* [What you are asked to do] Write out, word for word, each line from the start of the entries through the one holding "دهقانی در مزرعه"; omit the pictures.

* [Source data]
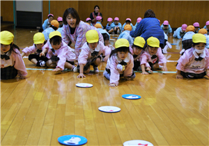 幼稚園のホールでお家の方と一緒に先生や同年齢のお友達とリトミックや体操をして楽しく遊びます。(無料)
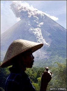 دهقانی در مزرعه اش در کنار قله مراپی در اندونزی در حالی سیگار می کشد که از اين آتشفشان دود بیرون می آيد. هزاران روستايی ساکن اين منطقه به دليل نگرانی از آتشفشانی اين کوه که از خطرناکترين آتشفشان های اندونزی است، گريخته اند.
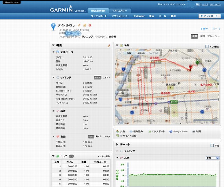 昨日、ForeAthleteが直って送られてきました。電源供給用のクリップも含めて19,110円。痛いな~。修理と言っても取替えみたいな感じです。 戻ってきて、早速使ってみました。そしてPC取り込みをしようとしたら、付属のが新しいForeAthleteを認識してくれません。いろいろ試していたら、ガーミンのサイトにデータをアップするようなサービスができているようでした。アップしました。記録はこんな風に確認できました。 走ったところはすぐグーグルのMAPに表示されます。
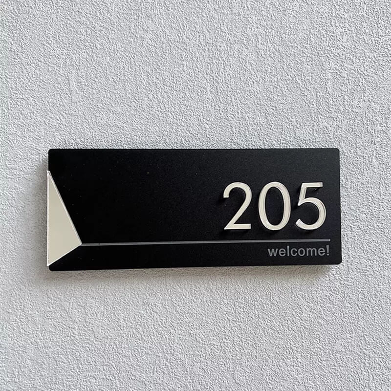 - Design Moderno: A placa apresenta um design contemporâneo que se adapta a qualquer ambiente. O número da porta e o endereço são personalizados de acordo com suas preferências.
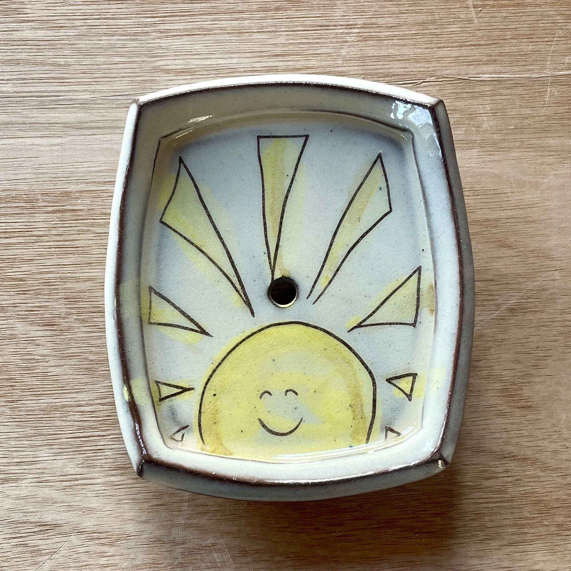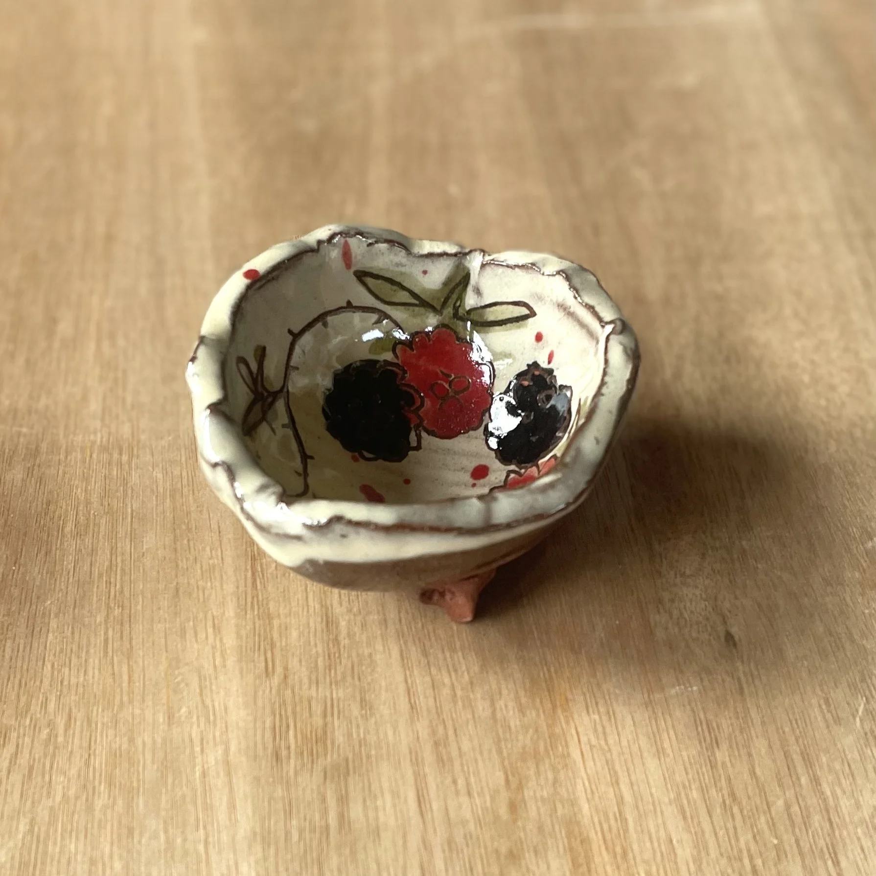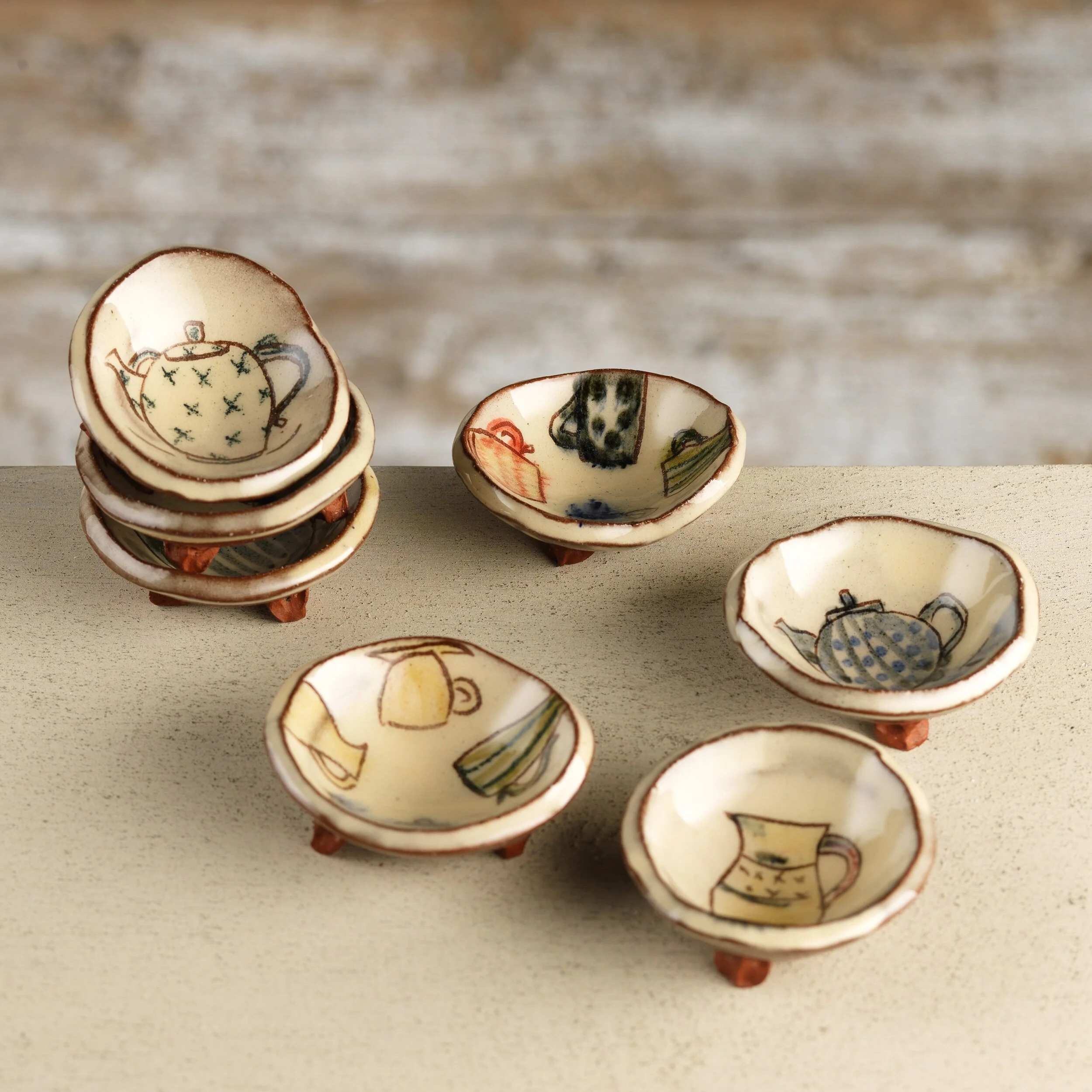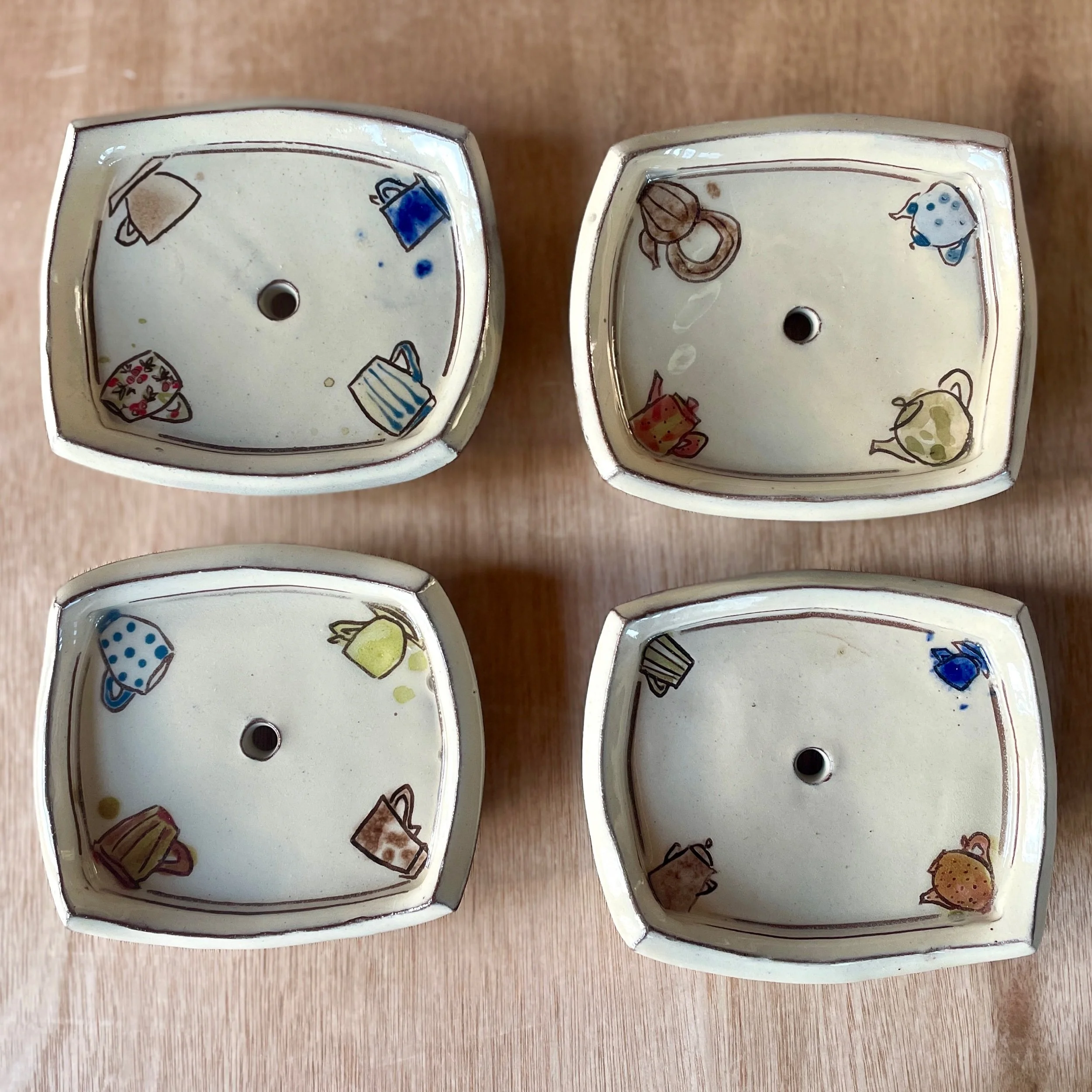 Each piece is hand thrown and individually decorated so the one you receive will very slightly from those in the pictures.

* [Output of the exercise]
 幼稚園のホールでお家の方と一緒に先生や同年齢のお友達とリトミックや体操をして楽しく遊びます。(無料)
 دهقانی در مزرعه اش در کنار قله مراپی در اندونزی در حالی سیگار می کشد که از اين آتشفشان دود بیرون می آيد. هزاران روستايی ساکن اين منطقه به دليل نگرانی از آتشفشانی اين کوه که از خطرناکترين آتشفشان های اندونزی است، گريخته اند.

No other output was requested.